Он прав оказался, Мишка! Потребовался-таки вар деду, он смолил им дратву, а потом садился подшивать валенки.
О, оказывается это целая наука – валенки подшить. Надо и подошву прошить в несколько рядов, а потом укрепить деревянными гвоздями, а запятник так наложить, чтоб не сбивалась пятка назад.
…Андрей дошёл до дома, опёрся на ствол берёзы, росшей у дома, и словно почувствовал тепло её белоснежного расписного сарафана. Почему не могли уйти от него эти воспоминания? Может быть, так бывает у каждого в час обиды, в час одиночества. А сейчас как раз такое время у Андрея. Осиротила его судьба, всё взвалила на одни плечи. И воспоминания о прадеде, о деде, ощущение болезненной горечи за мать, – вот, брат, за старшего остался ты из Глуховых на этой земле. Лёнька не в счёт, молодой ещё, ветер в голове гуляет, а вот он – как самый крепкий побег из посёкшейся поросли. Так уж судьба распорядилась: за одних война, за других: мать, деда – тоска, горе, лихая година.

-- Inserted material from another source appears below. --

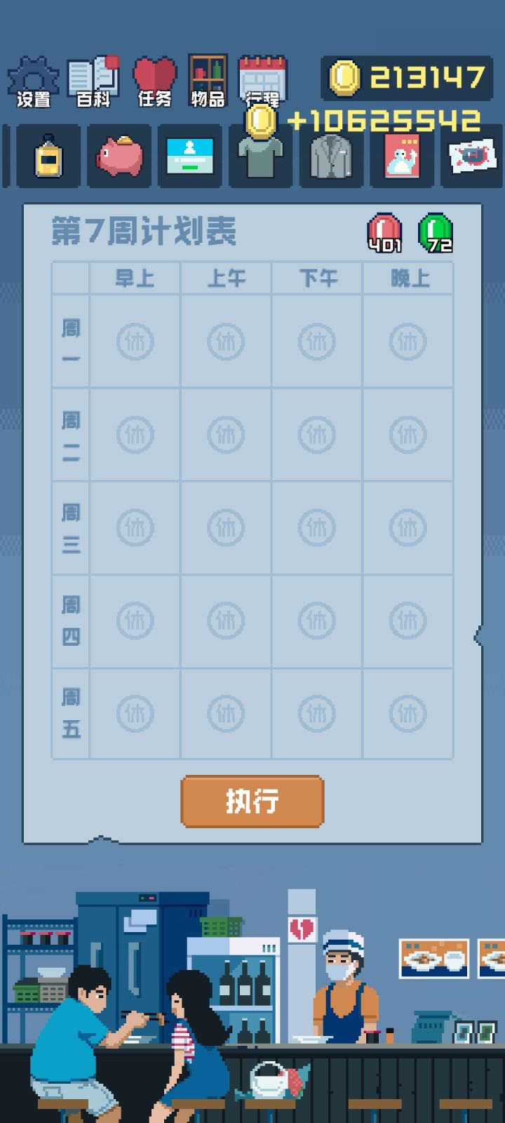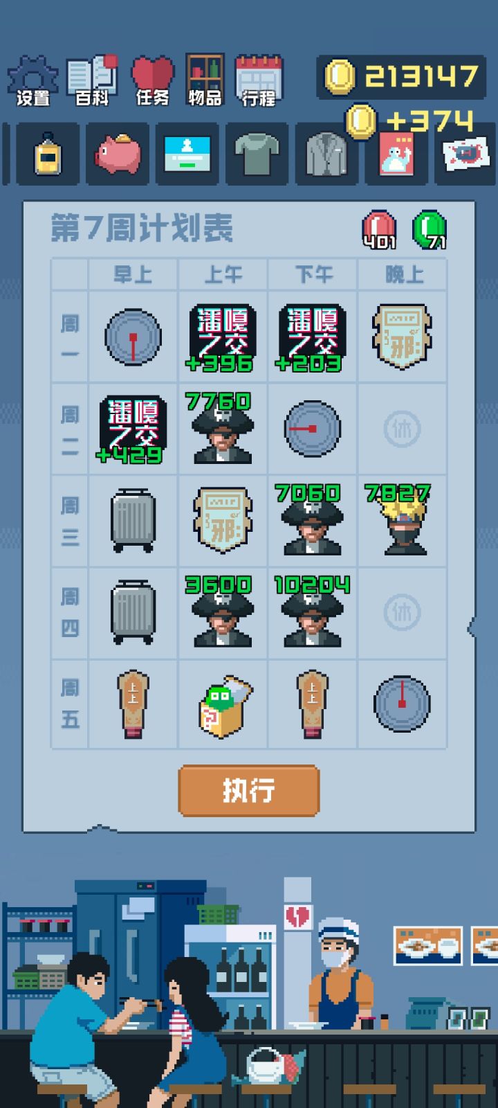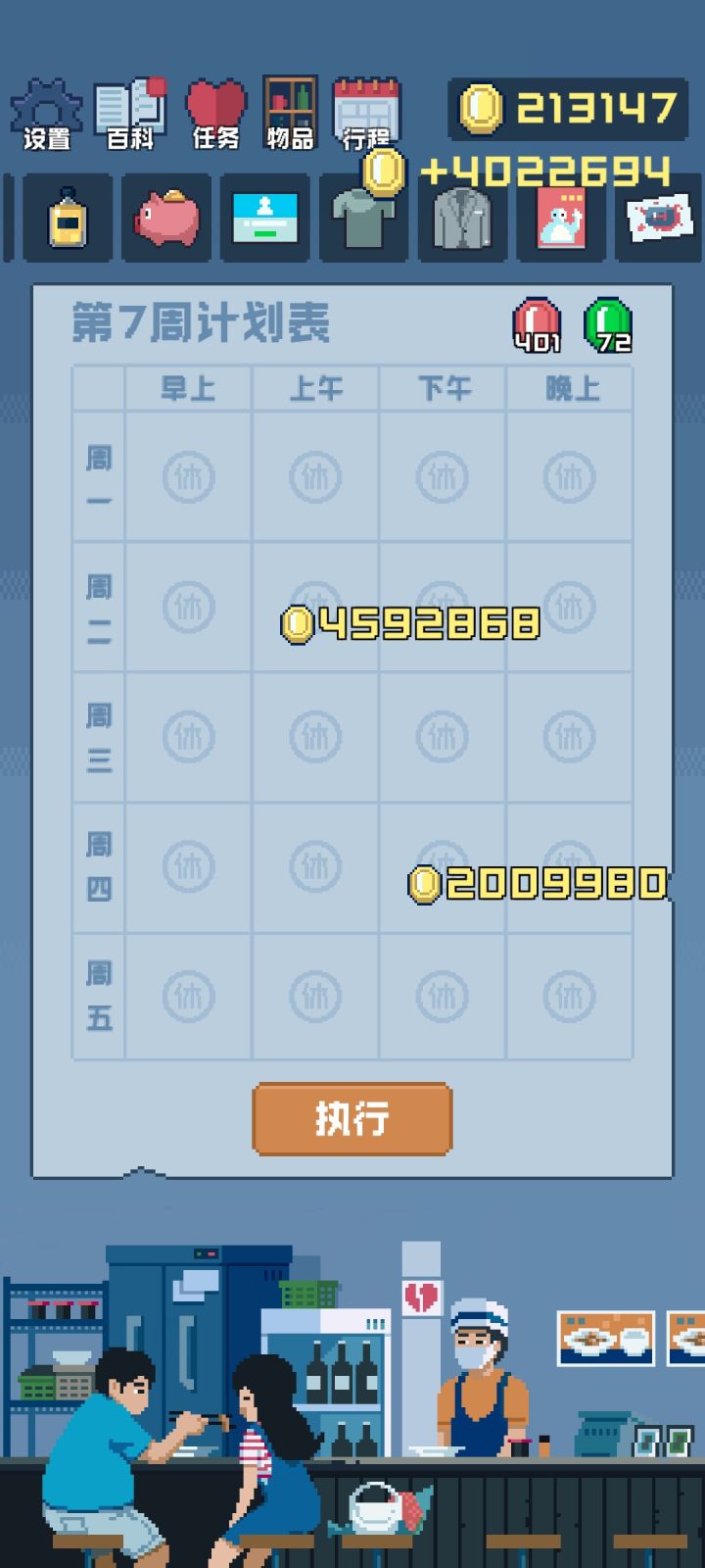 游戏的基本玩法是每周的结束都会随机抽取3选1工作卡,每周开始则从所有工作卡中挑选20张填充日程表并执行工作产生收益,玩家的任务是通过每周的选择搭配卡牌库从而获得最大收益。而游戏的乐趣也就来自于对各种工作卡牌的选择和搭配,所以说这个是类似于低配版《月圆之夜》的策略卡牌游戏。也有人说玩法和steam上的《幸运房东》一样,奈何咱没玩过不能对比。

– Главное – что с Лёнькой делать? Ну хорошо, поедет брат в школу ФЗО, а что станется с ним, Андреем? В одиночестве жить? На фронте он много пережил, хватит на всю жизнь, но только одного не испытал – одиночества. Там почти всегда были люди, разные – добрые и злые, надёжные и ловкачи, трусы и смельчаки, но всё равно Андрей как-будто чувствовал за плечом живое дыхание, и это наполняло страстью к жизни, мозг изобретал решения, диктовал поступки. А теперь?
На память пришла Анюта. Что ж? И здесь испохабила судьба, растрясла надежды, как грушу в осеннем саду.
Как понимать всё, что с ней произошло? Злым роком, женской слабостью, минутной страстью объяснить? Можно, конечно, и на войну списать.
Анюту он знал со школьных лет и, уходя на фронт, они поклялись – если хорошо будет у них, не прогневается Бог, даст встречу на этой земле, значит, будут вместе, навсегда. Она писала на фронт душевные письма, и когда он читал их, становилось тепло.